The current definition of planet require an object to orbit the Sun, be small enough to not be undergoing nuclear fusion, be large enough to be round from self-gravitation, and have cleared its orbit. Pluto fails the last criterion, as there are many other objects orbiting just outside Neptune's orbit, variously called plutinos, plutiods, trans-Neptunian objects, and a larger group called Kuiper Belt Objects.


3) Compare and contrast the Greenhouse Effect and the Ozone Layer.

The greenhouse effect is caused by greenhouse gases (such as CO2, H20, CH4, etc.) distributed throughout the atmosphere (or closer to the ground) while the ozone layer is one region of the stratosphere containing O3. The ozone layer acts simply to absorb much of the incoming UV and prevent it from reaching the ground. The greenhouse effect is more complex, as (nearly) full spectrum light hits the ground, some is reradiated as IR, and then the greenhouse gases trap much of the IR light within the atmosphere.

FWIW I know the wording of this question needs improvement. A better wording might perhaps be "Greenhouse Gases and the Greenhouse Effect, and the Ozone Layer and its effects." I typically explain what I'm looking for before giving this quiz question - I usually tell the students this will be the next quiz, and explain that the two are "opposite and complementary." The main thing I'm looking for here is for the students to distinguish that they are two entirely separate phenomena, since the media always conflates them.


4) Why do astronauts in the Space Shuttle experience weightlessness?

As the Space Shuttle orbits the Earth it is moving just fast enough that as the Shuttle (and everything within) falls towards the Earth due to gravity, the surface of the Earth (and the path of their orbit) curves away underneath them by the same amount that they fall due to the gravity. Therefore they are in free fall, or experience weightlessness even though they are still influenced by gravity. (Compare this situation to Newton's synthesis of the apple and the Moon, and the pictures of the cannonball around the Earth as it is launched faster and faster.)

Lose points for distance from Earth, or microgravity if the term is not accompanied by the above explanation.
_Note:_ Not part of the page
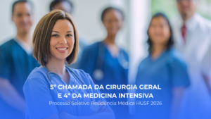 O HUSF abre novas chamadas do PROCESSO SELETIVO PARA A RESIDÊNCIA MÉDICA 2026, para os programas de Clínica Médica, Ginecologia e Obstetrícia e Pediatria. Ficam convocados os candidatos aprovados, na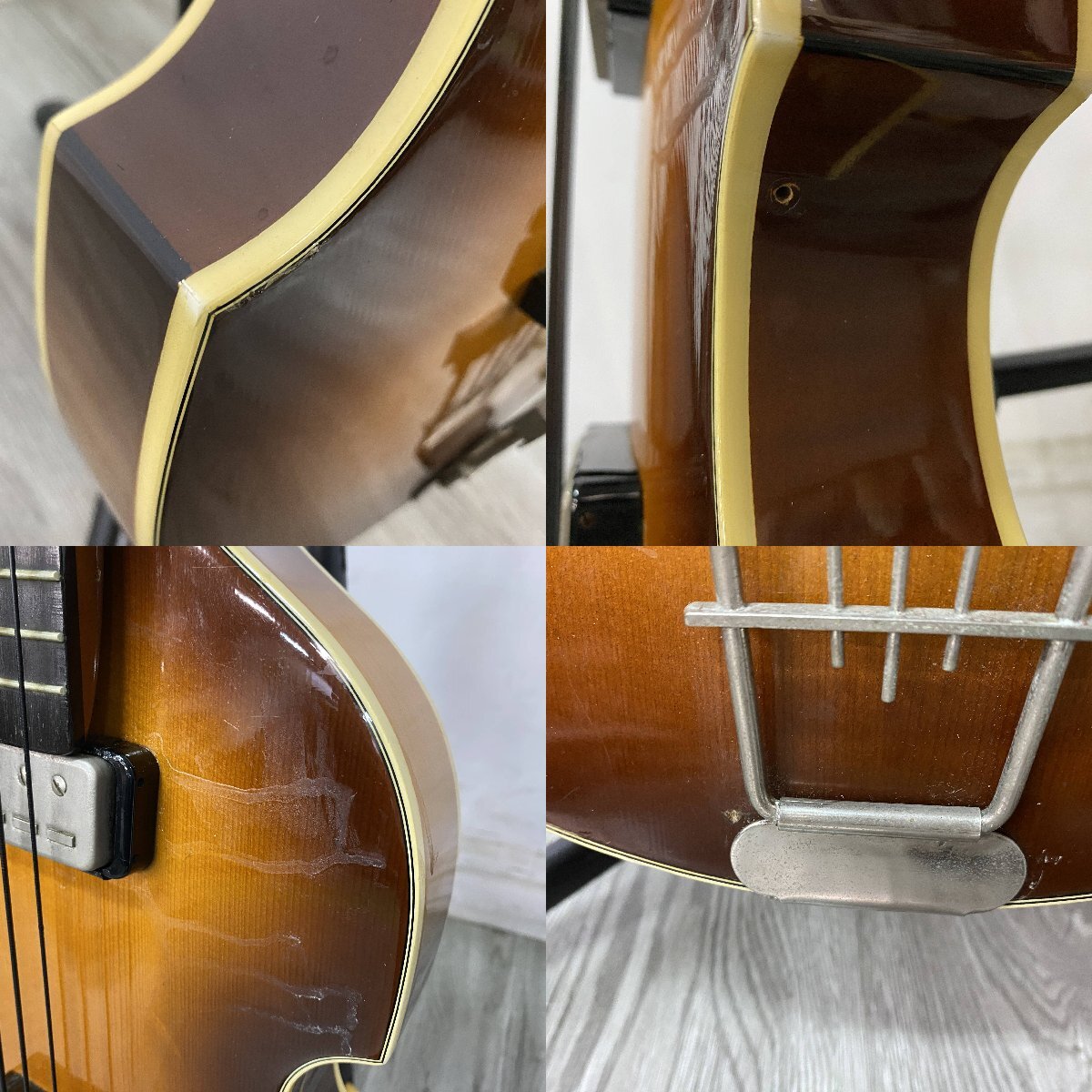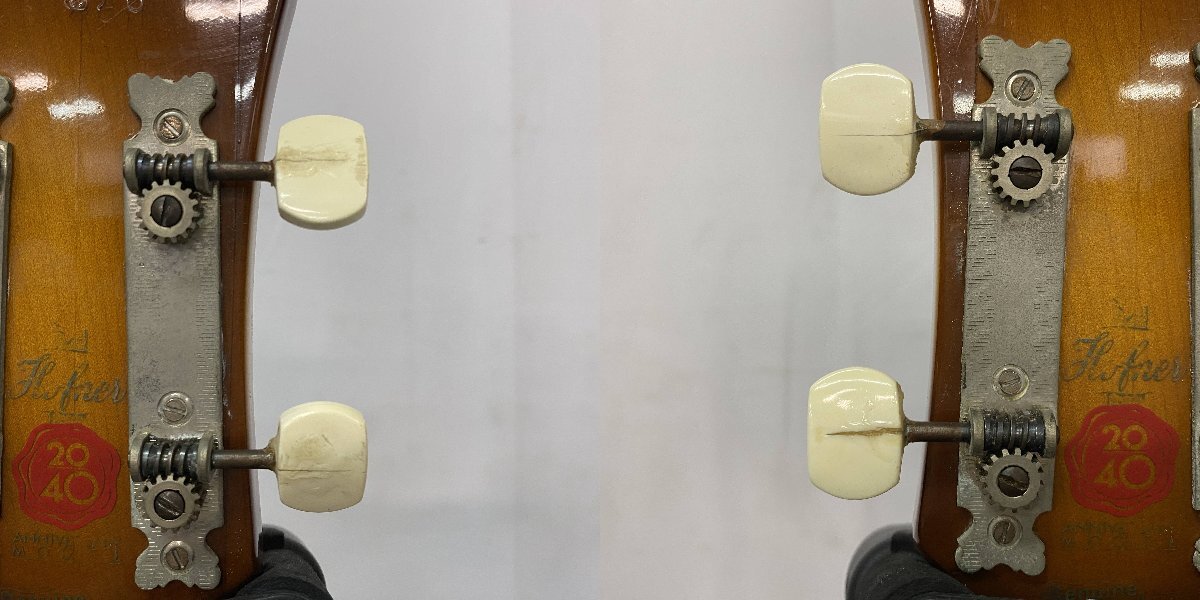 ◆外観◆ ・★キズ、汚れ、使用感があります。 ・★ペグに破損、補修跡がございます。 ・★ネックヒールに浮きがございます。 ・★接着剤の跡がございます。 ・★ケースの留め具に破損がございます。 ・★経年劣化による臭いがございます。 ・★側面に穴がございます。 |

The distance of the Space Shuttle from the Earth is not significant enough to result in a low gravity environment by itself - if we had a platform rising from the Earth and attached to the ground, you could stand on it and still experience gravity. It's only b/c the Shuttle is in orbit that it appears gravity is not affecting you.




Once again, thanks for the help!

X-posted

Comments

[galbinus-caeli.livejournal.com]

Question 1: Ahem. You never said "on earth", nor did you say "winter, spring, summer, fall" as opposed to "monsoon, dry" as experienced in much of South Asia.

Don't expect your students to give a specific answer to a general question. Some of us get confused by that sort of thing.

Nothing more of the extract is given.